Artificial intelligence


In the twentieth century, the Gulf’s strategic relevance was distilled into a simple equation: oil in exchange for global influence and security guarantees. Today, that formula is being rewritten. The new commodity is not a liquid drawn from beneath the desert sands, but processing power ~ “compute” ~ driven by the most advanced chips and housed in sprawling data centres. The Gulf’s leaders have decided that if oil once powered the industrial economy, compute will fuel the digital one. The United Arab Emirates and Saudi Arabia are now deploying their considerable sovereign wealth to buy a place at the top of the artificial intelligence value chain.

Their approach is both straightforward and bold: build the infrastructure that global AI needs, partner with the most advanced technology providers, and make themselves indispensable to the world’s AI ambitions. In the UAE, this ambition has taken physical form in the Stargate project, a colossal data infrastructure cluster designed to host AI training at scale. Such facilities, equipped with cutting-edge chips, are essential for developing and running frontier AI models.

They are also in short supply globally. By positioning themselves as hosts of this critical infrastructure, Gulf states are creating a new kind of leverage, much as oil pipelines once did. Saudi Arabia is taking a similar route with its national AI company and plans for “AI factories” stocked with hundreds of thousands of high-end chips. These are not vanity projects. In a future where data, algorithms, and computing capacity determine technological and economic advantage, to own the infrastructure is to own a strategic resource.

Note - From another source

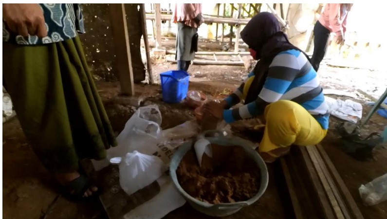
Gambar 8. Pembuatan Bibit Jamur

The timing is deliberate. The United States and China are locked in a contest for AI supremacy, and the Gulf has become a coveted partner. Aligning with the US, the Gulf states gain access to its technological ecosystem and political goodwill ~ at the cost of scaling back certain Chinese-backed projects. For Washington, bringing the Gulf into its AI “stack” consolidates its global reach while keeping valuable infrastructure out of Beijing’s hands. Yet there are headwinds. AI infrastructure is only as valuable as the talent and innovation it attracts, and the Gulf’s small populations limit the dep th of its homegrown research base.

Golden visas, tax incentives, and regulatory flexibility may help draw in global talent, but building an enduring ecosystem will take more than imported expertise ~ it will require a cultural and educational transformation. The stakes are high. If the Gulf succeeds, it could transition from an energy exporter to a digital-era powerhouse, offering the world compute capacity instead of crude oil. If it falters, these billion-dollar facilities could become under-utilised monuments to ambition without capability. For now, the Gulf’s leaders are betting that in the twenty-first century, the flow of electrons will matter as much as the flow of petroleum. If they are right, they are not just hedging against the end of oil ~ they are laying the foundations for their next century of relevance.